*Source material*

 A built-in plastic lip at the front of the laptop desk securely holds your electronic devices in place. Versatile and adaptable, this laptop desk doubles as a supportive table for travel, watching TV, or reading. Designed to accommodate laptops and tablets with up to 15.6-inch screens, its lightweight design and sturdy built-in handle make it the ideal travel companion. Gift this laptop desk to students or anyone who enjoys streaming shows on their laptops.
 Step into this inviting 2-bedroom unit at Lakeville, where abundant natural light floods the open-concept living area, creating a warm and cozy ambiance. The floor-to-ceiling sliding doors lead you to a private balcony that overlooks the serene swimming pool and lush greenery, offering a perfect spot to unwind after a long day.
* * *
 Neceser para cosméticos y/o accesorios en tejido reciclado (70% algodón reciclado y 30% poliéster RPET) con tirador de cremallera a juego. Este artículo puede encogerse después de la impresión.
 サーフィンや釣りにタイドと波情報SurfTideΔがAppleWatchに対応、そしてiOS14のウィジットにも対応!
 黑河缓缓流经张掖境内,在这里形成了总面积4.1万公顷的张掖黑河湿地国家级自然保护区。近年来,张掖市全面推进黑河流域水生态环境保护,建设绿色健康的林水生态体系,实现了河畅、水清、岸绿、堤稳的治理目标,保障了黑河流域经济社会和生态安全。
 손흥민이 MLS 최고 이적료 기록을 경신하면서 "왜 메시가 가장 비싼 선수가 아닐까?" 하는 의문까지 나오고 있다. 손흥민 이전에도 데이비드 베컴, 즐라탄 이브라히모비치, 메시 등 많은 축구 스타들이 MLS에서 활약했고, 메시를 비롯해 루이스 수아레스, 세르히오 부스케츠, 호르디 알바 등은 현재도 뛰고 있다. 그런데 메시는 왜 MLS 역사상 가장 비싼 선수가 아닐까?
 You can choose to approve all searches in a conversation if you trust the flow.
--
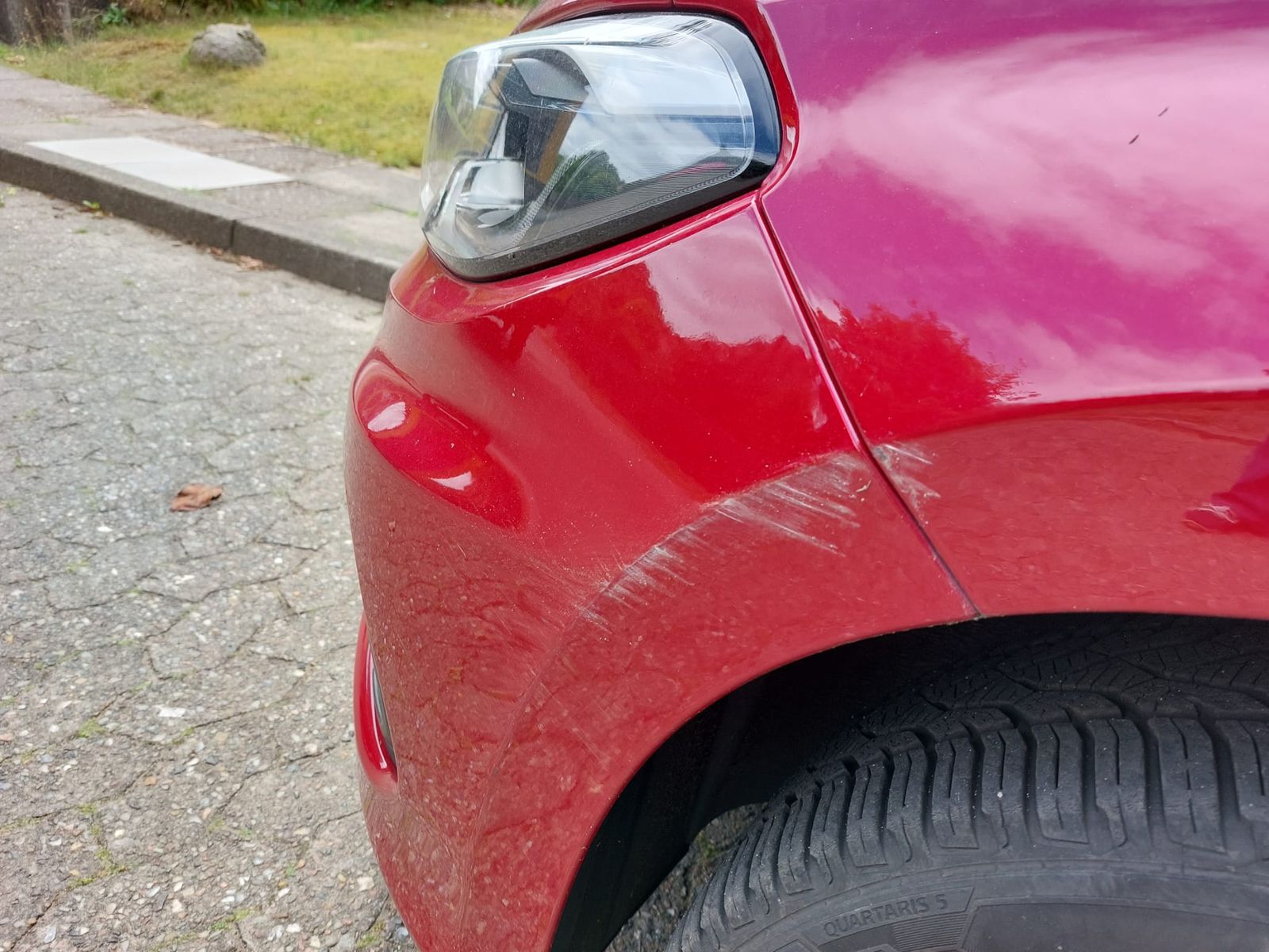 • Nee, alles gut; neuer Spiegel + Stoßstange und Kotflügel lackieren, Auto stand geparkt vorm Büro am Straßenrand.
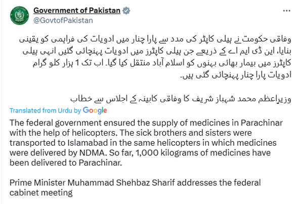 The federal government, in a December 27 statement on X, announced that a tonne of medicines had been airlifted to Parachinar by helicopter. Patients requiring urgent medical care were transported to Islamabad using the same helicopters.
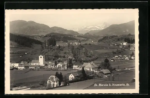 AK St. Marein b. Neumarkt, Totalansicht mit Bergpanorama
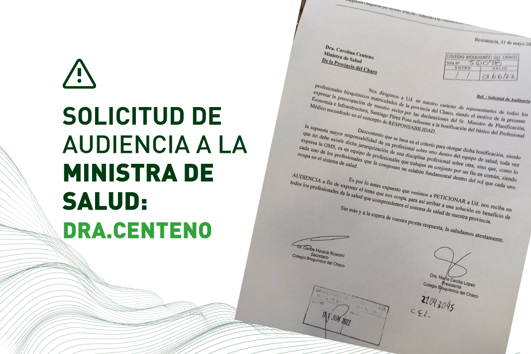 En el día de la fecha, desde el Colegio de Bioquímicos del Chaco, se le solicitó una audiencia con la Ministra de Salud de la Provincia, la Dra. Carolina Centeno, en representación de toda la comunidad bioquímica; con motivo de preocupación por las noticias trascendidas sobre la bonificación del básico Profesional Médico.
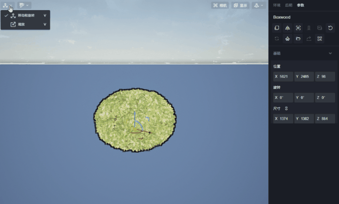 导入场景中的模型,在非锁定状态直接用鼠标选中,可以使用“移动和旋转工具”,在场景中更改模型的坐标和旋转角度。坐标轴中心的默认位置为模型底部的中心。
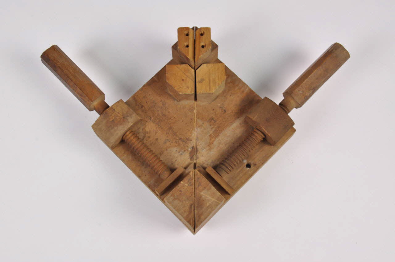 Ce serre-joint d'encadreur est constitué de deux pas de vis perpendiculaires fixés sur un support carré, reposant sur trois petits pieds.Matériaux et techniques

*Task prompt*
Look above for the line containing "黑河缓缓流经张掖境内,在这里". Output from there through the line containing "You can choose", exactly and inclusively.

*The answer*
 黑河缓缓流经张掖境内,在这里形成了总面积4.1万公顷的张掖黑河湿地国家级自然保护区。近年来,张掖市全面推进黑河流域水生态环境保护,建设绿色健康的林水生态体系,实现了河畅、水清、岸绿、堤稳的治理目标,保障了黑河流域经济社会和生态安全。
 손흥민이 MLS 최고 이적료 기록을 경신하면서 "왜 메시가 가장 비싼 선수가 아닐까?" 하는 의문까지 나오고 있다. 손흥민 이전에도 데이비드 베컴, 즐라탄 이브라히모비치, 메시 등 많은 축구 스타들이 MLS에서 활약했고, 메시를 비롯해 루이스 수아레스, 세르히오 부스케츠, 호르디 알바 등은 현재도 뛰고 있다. 그런데 메시는 왜 MLS 역사상 가장 비싼 선수가 아닐까?
 You can choose to approve all searches in a conversation if you trust the flow.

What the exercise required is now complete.